Context. EtherCAT’s CoE inherits the CANopen Object Dictionary (CiA 301) wholesale: index/subindex addressing, PDO mapping objects, the data-type table. EDS (CANopen) and ESI (EtherCAT) describe overlapping object dictionaries. Decision. When CANopen support is in scope, the OD IR is extracted to a shared fieldbus-od-core crate. ethercat-esi shrinks to “ESI-specific elements + reference to OD core”. canopen-eds (new) parses CiA-306 INI and emits the same OD IR. The runtime traits are not merged (per NO unification of EtherCAT ... (REQ_0592)) — CANopen’s event-driven transport gets its own CanOpenDevice family in a separate crate. Consequences. ✅ ~70 % of code is shared at the IR level when CANopen lands. ✅ Each transport keeps its honest runtime shape. ❌ Future refactor required to lift OD types out of ethercat-esi. Manageable — the lift is mechanical because parser and IR are already decoupled (per Parser separated from codeg... (ADR_0070)). Closure. The OD-core lift (Lift OD IR to fieldbus-od-c... (ADR_0078)) is realised by the taktora-fieldbus-od-core crate (2026-05), which now holds the shared Identity, DataType, and DictEntry types; taktora-ethercat-esi depends on it and re-exports them, and taktora-ethercat-netcfg consumes the shared Identity. First-class FEAT/REQ authoring for taktora-fieldbus-od-core as a standalone feature is a follow-on round, paired with the CANopen consumer (CANopen device-driver codeg... (FEAT_0060)) that motivates a shared OD crate.

Architecture Decision: Vendor extensions captured as opaque blobs ADR_0074

status: open refines: FEAT_0051 links incoming: RISK_0011

Context. Vendor-specific <Vendor:Foo> elements appear in real-world ESI files (notably Beckhoff). Three policies are possible: hard-fail on unknown elements (rejects most real files), warn (reports but parses), capture as opaque blobs (parses, retains the data, defers interpretation). Decision. Capture as opaque blobs. The IR carries a RawXml { name, attributes, inner } for every unrecognised element. The codegen layer ignores them; downstream tools (e.g. a Beckhoff-specific importer) can interpret them. Consequences. ✅ Real-world ESI files parse without bespoke patches per vendor. ✅ Information is preserved, not discarded. ❌ The IR carries a payload nobody on the ethercrab-backend side reads. Negligible cost; the alternative (parse-and-discard) is worse.

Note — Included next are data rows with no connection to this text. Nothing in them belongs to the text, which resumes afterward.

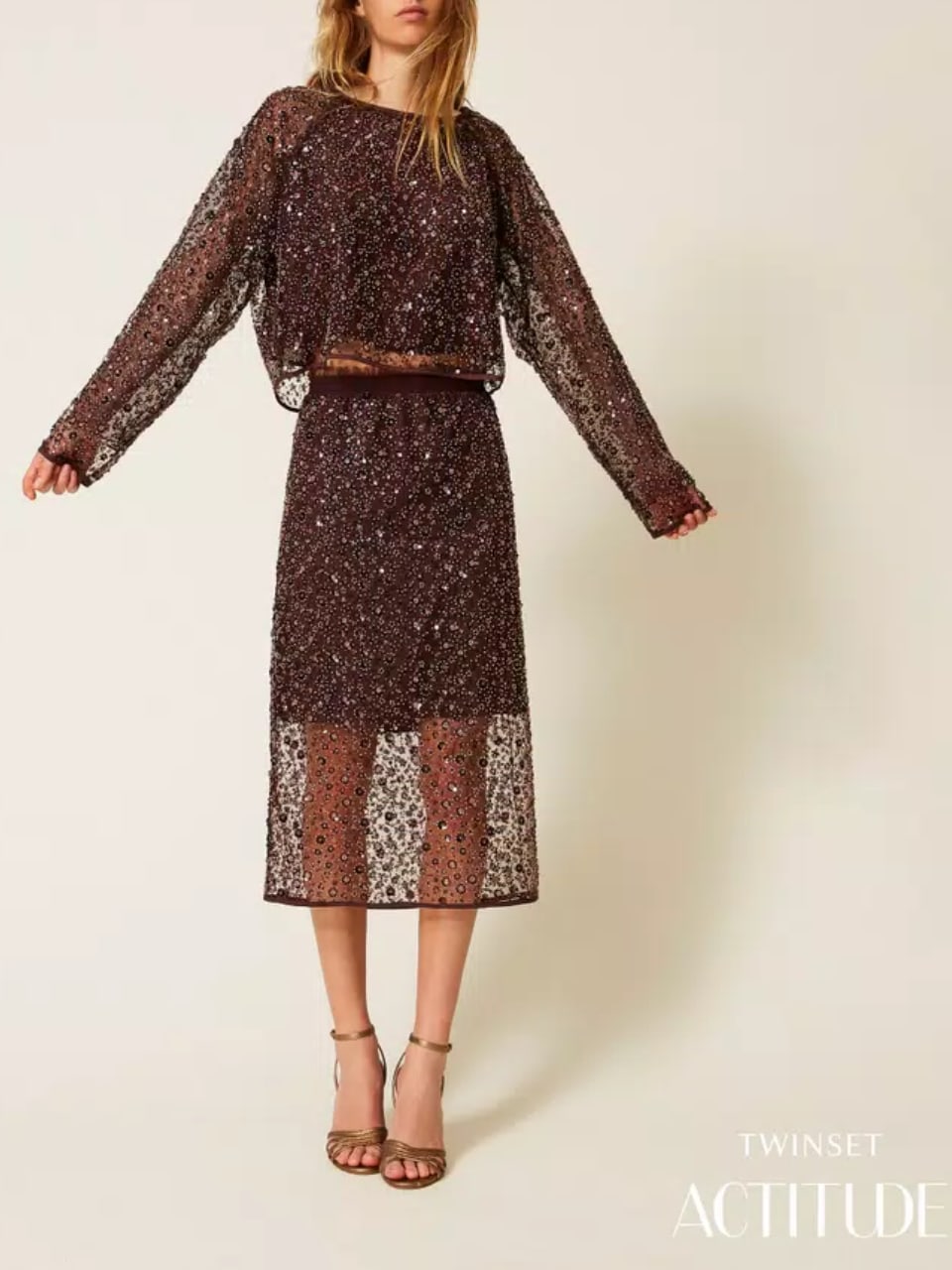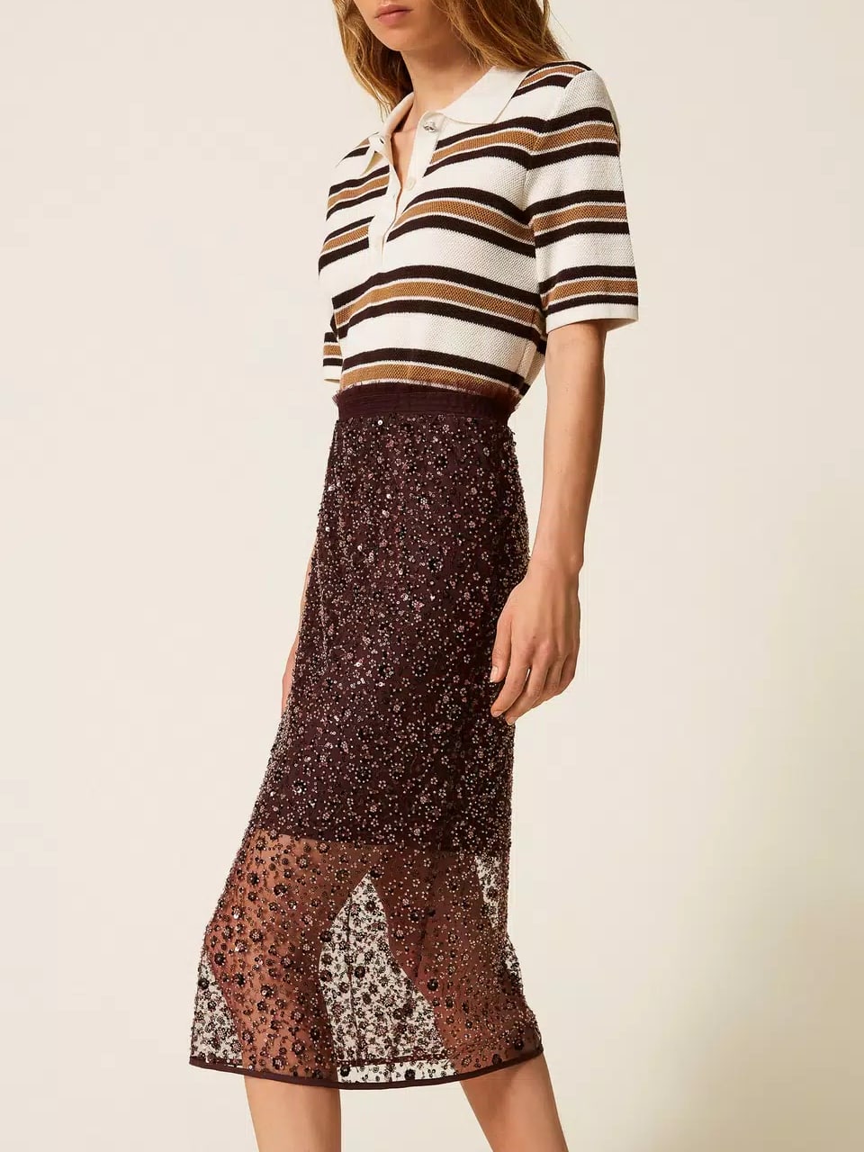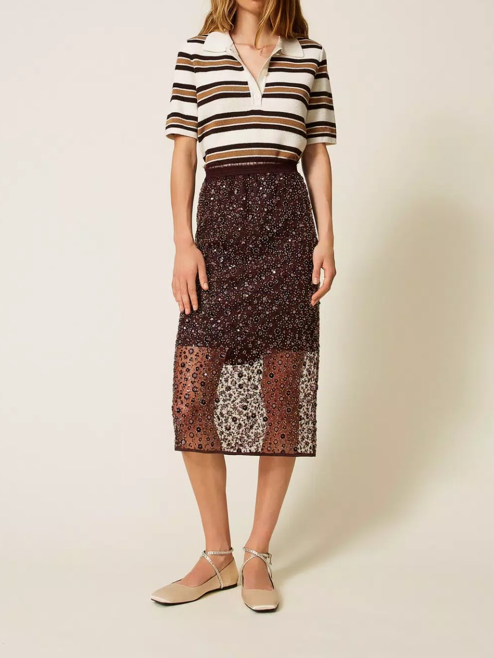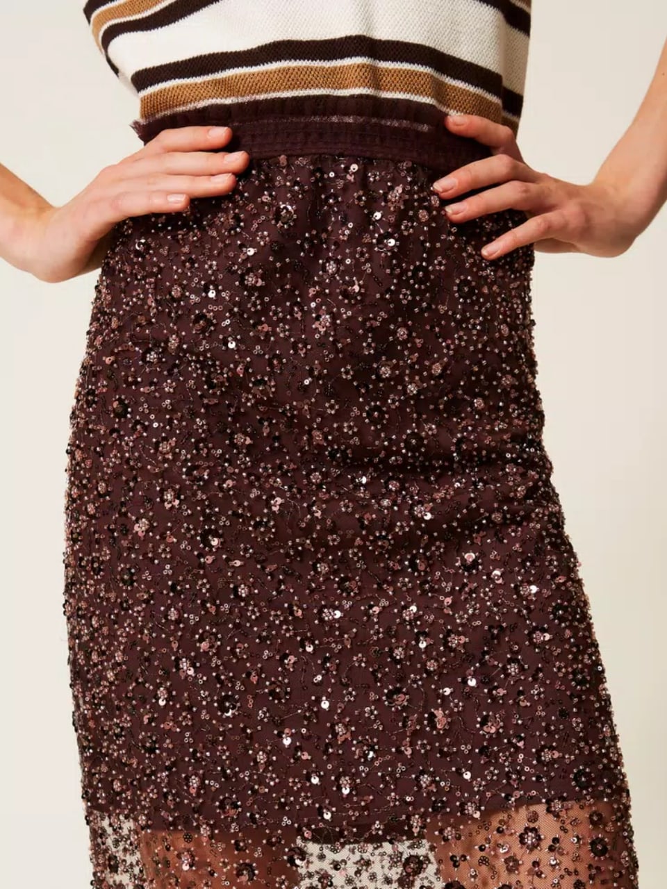 Twinset Gonna longuette in tulle con paillettes Hot Chocolate
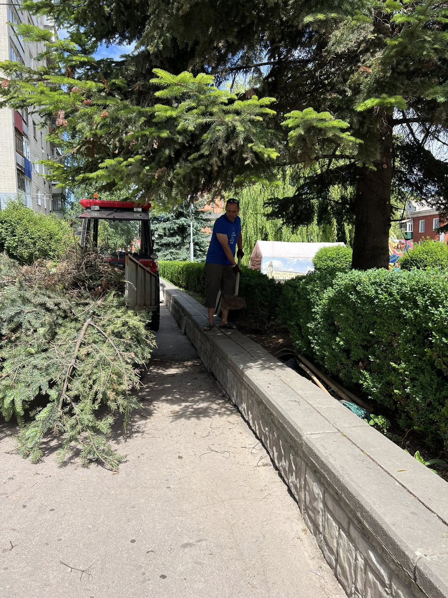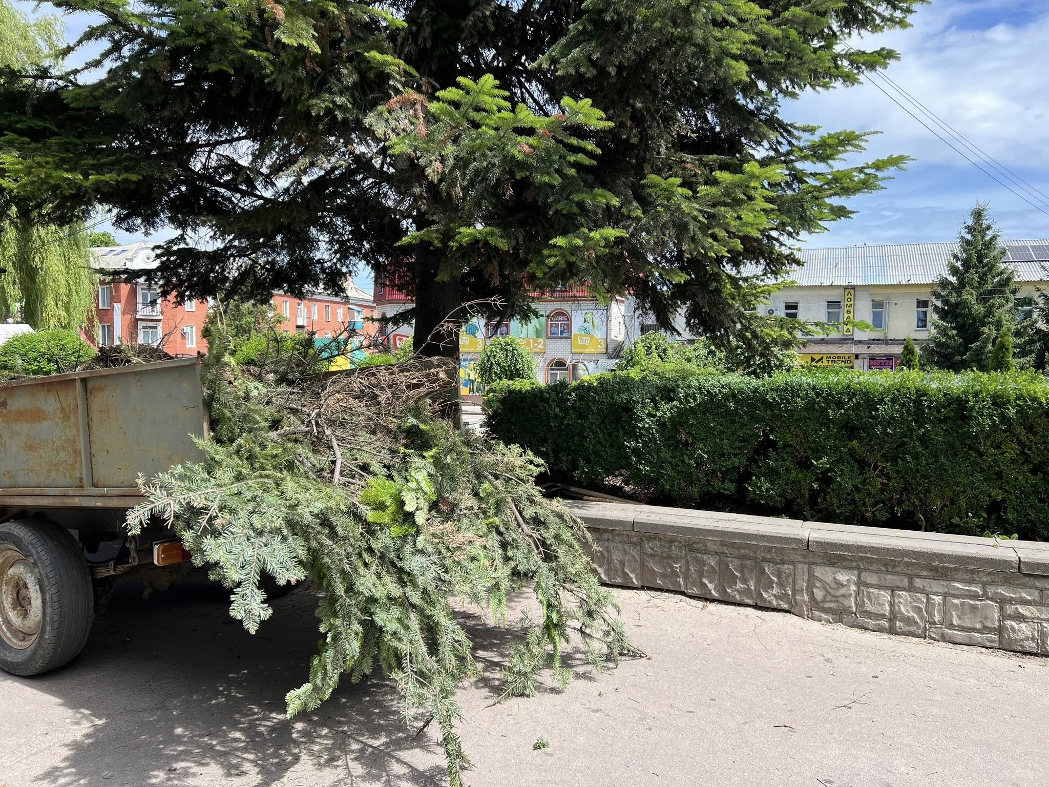 🌱🌲Сьогодні наші хлопці з благоустрою працювали на Центральній площі. Обрізали нижні гілки ялинок, щоб деревам було легше “дихати”, а також боролись з бур’янцем між плиткою, після дощів він пішов у ріст.
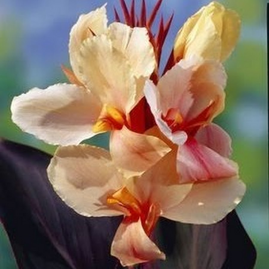 Канны карликовая Энджел Мартин (Angel Martin)-Миниатюрное растение, высотой 25 сантиметров. Цветки канны крупные, нежного розово-лососевого цвета. Их оттенок отлично гармонирует с фиолетово-пурпурной расцветкой листьев и стеблей. Цветение в июле-августе, размер цветка: 5-8 см.

Architecture Decision: Object dictionary as static table, feature-gated ADR_0075

status: open refines: FEAT_0054 links incoming: RISK_0022, RISK_0010

Context. OD-heavy devices (e.g. Beckhoff ELxxx coupling modules with 200+ entries) can balloon generated code by 10–50× if every OD entry becomes a match arm. Three options: match arms (large, fast lookup), static table (smaller, linear lookup but O(log n) with binary search on sorted index), no emission (smallest, fails the “OD-aware diagnostics” use case). Decision. Emit OD entries as a sorted static OD: &[(u16, u8, DataType, &str)] table, gated behind a default-off object-dictionary cargo feature on the generated module’s parent crate. Consequences. ✅ Default builds carry zero OD-related code or rodata. ✅ Diagnostic tools that need OD lookup cargo build --features object-dictionary and binary-search the sorted slice. ❌ OD-aware code is a separate compile profile; CI must cover both.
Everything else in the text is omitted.